*** Records for the exercise Section Begins ***
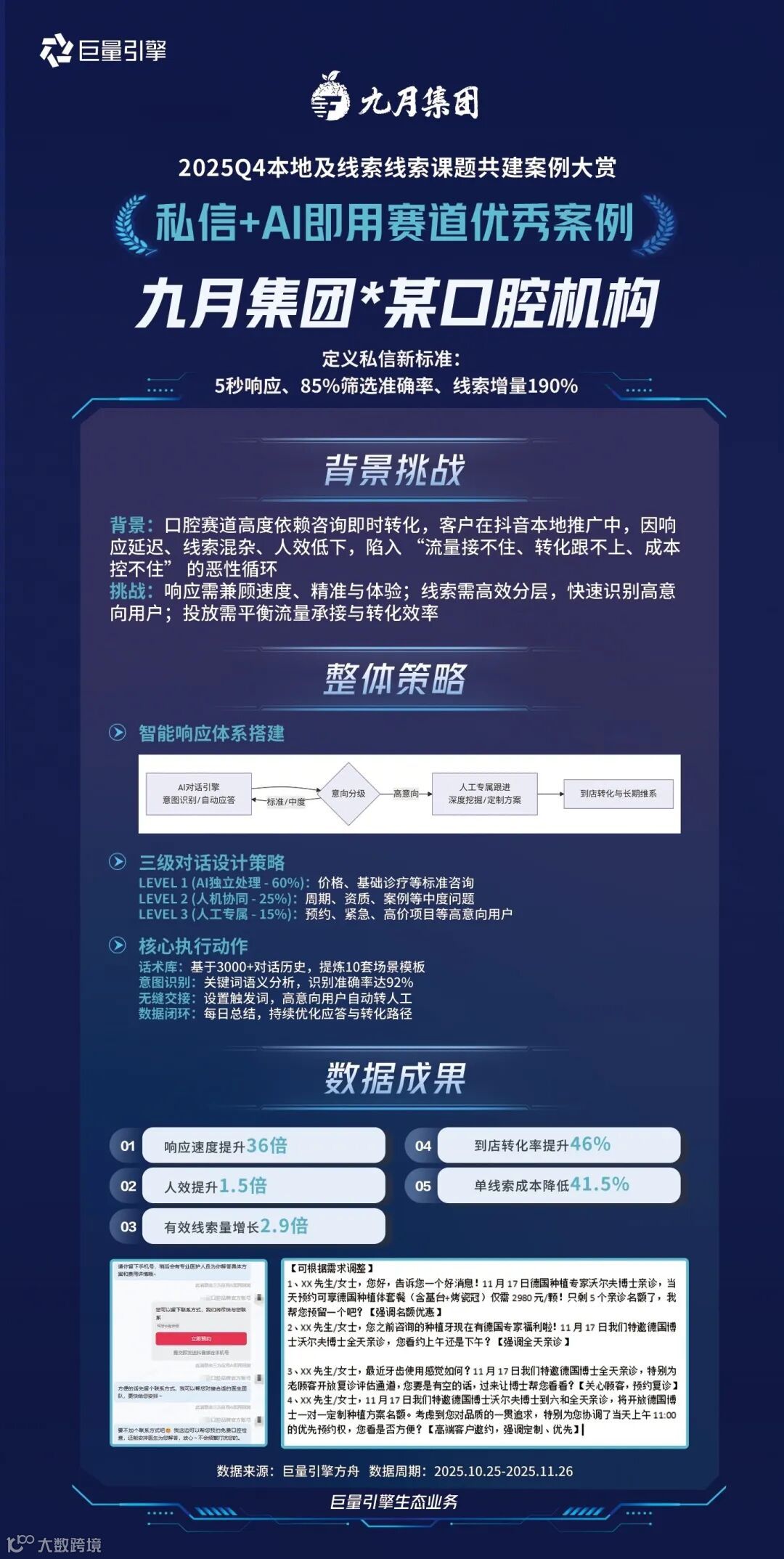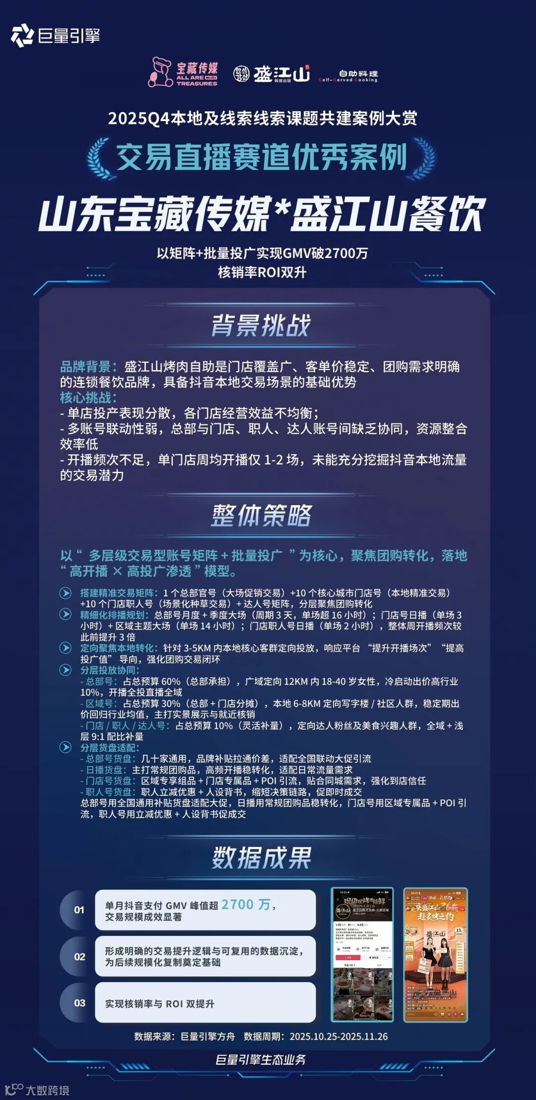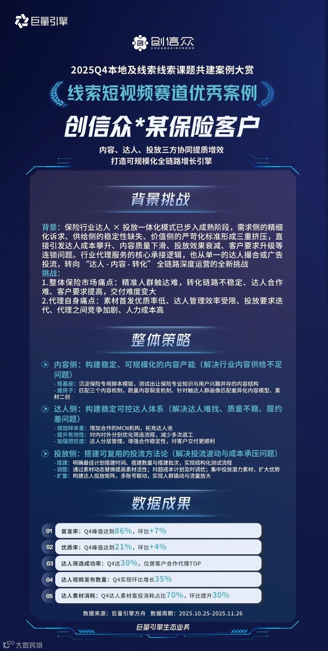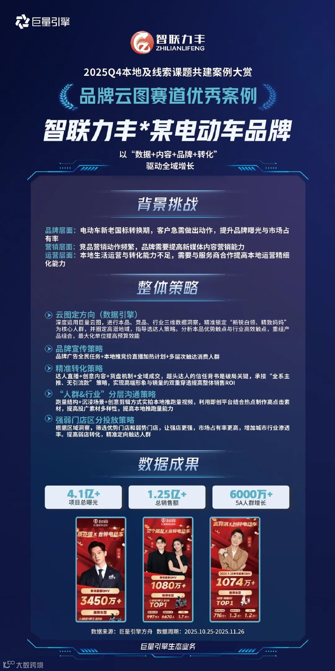 巨量引擎2025Q4本地&线索业务场景课题共建,根据年度策略导向设置了设置了「品牌云图场景」、「本地直播场景」「本地私信场景」「本地短视频场景」四大场景 & 五大课题,公开招募共91家代理&报名129则,最终遴选39家代理入围进行课题共建,本期共产出38则有效案例。为保障公平性原则,本次课题共建案例评选采用交叉评分,综合评估投放策略、产品应用、生意效果和行业方法,最终评选出积分榜top4 及15则优秀案例。
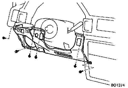 11. Remove five screws and bolt from the instrument panel finish lower panel, disconnect the connectors and remove the panel.
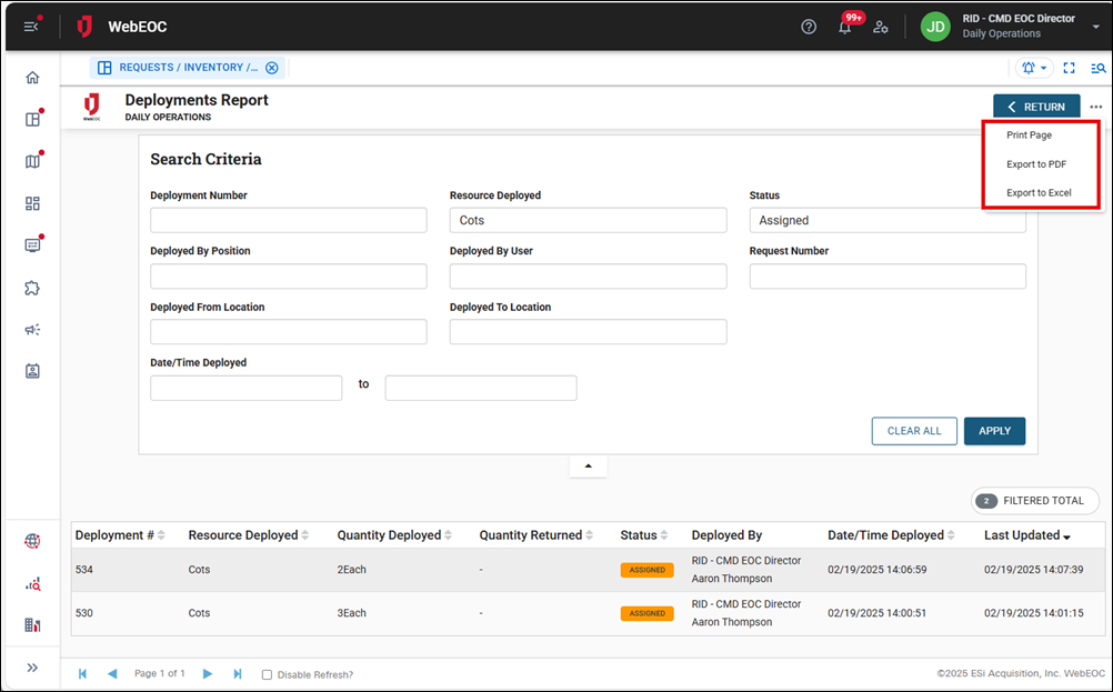 The filtered results are displayed at the bottom of the page. In the example above, the exported report includes all Cots that are in an Assigned status.
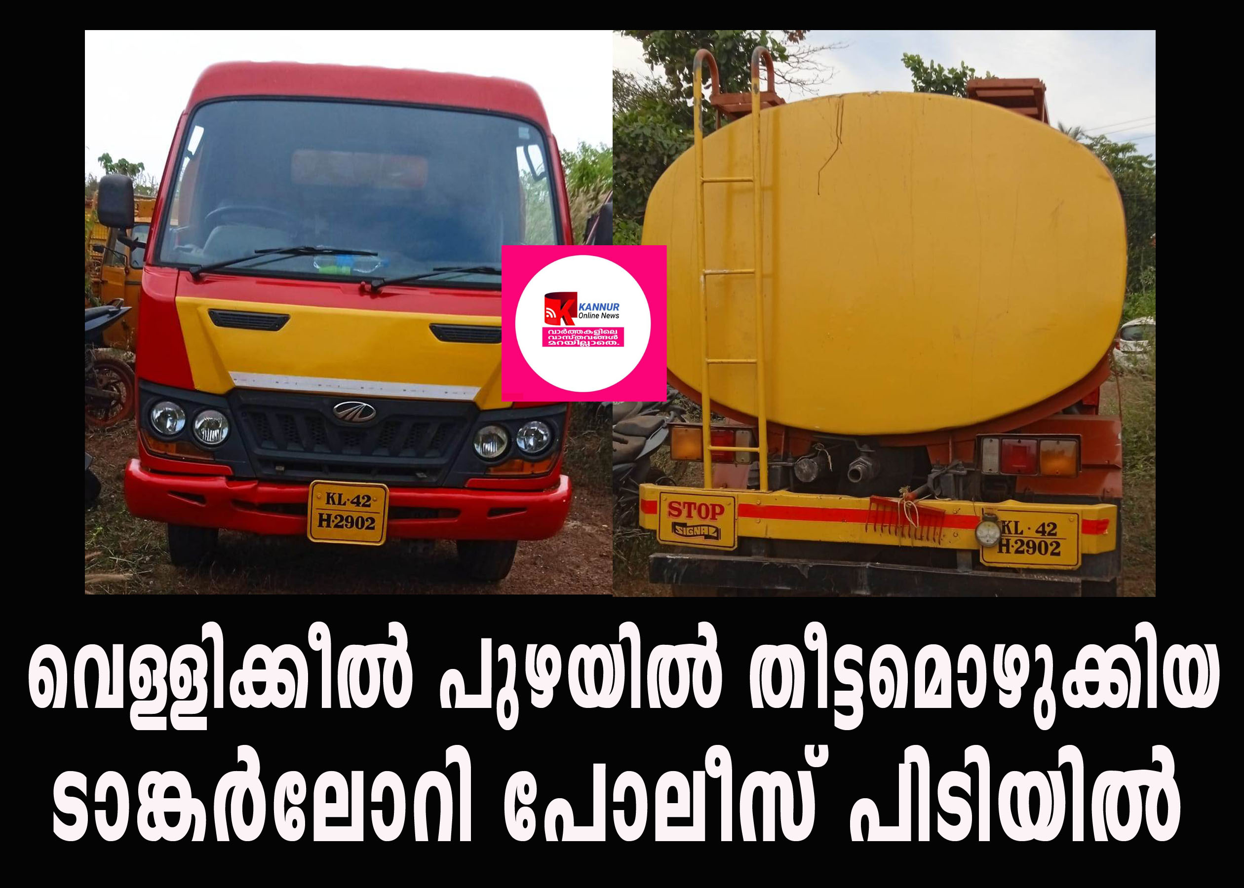 ഇന്ന് പുലര്‍ച്ചെ 3.30 ന് രാത്രികാല പട്രോളിങ്ങിനിടെ വെള്ളിക്കീലില്‍ പൂട്ടിയിട്ട പാര്‍ക്കവ്യു ഹോട്ടലിന്റെ പടിഞ്ഞാറുഭാഗം റോഡരികില്‍ കെ.എല്‍-42 എച്ച് 2902 ടാങ്കര്‍ലോറി നിര്‍ത്തിയിട്ടതായി കണ്ട്
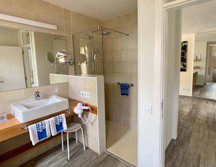 Badezimmer mit Badewanne und Dusche. Normaler Duschkopf sowie Regendusche. Föhn vorhanden.
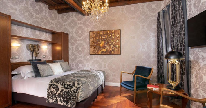 The Inn is a luxurious residence set in a historic building on Via Condotti, Rome's most famous shopping street, near Piazza di Spagna. Breakfast, if included in the rate, is served in the Reception's Building.
*** Records for the exercise Section Ends ***
• [To do] Make a word-for-word copy of the records above, excluding all pictures.

• [Output below]
 巨量引擎2025Q4本地&线索业务场景课题共建,根据年度策略导向设置了设置了「品牌云图场景」、「本地直播场景」「本地私信场景」「本地短视频场景」四大场景 & 五大课题,公开招募共91家代理&报名129则,最终遴选39家代理入围进行课题共建,本期共产出38则有效案例。为保障公平性原则,本次课题共建案例评选采用交叉评分,综合评估投放策略、产品应用、生意效果和行业方法,最终评选出积分榜top4 及15则优秀案例。
 11. Remove five screws and bolt from the instrument panel finish lower panel, disconnect the connectors and remove the panel.
 The filtered results are displayed at the bottom of the page. In the example above, the exported report includes all Cots that are in an Assigned status.
 ഇന്ന് പുലര്‍ച്ചെ 3.30 ന് രാത്രികാല പട്രോളിങ്ങിനിടെ വെള്ളിക്കീലില്‍ പൂട്ടിയിട്ട പാര്‍ക്കവ്യു ഹോട്ടലിന്റെ പടിഞ്ഞാറുഭാഗം റോഡരികില്‍ കെ.എല്‍-42 എച്ച് 2902 ടാങ്കര്‍ലോറി നിര്‍ത്തിയിട്ടതായി കണ്ട്
 Badezimmer mit Badewanne und Dusche. Normaler Duschkopf sowie Regendusche. Föhn vorhanden.
 The Inn is a luxurious residence set in a historic building on Via Condotti, Rome's most famous shopping street, near Piazza di Spagna. Breakfast, if included in the rate, is served in the Reception's Building.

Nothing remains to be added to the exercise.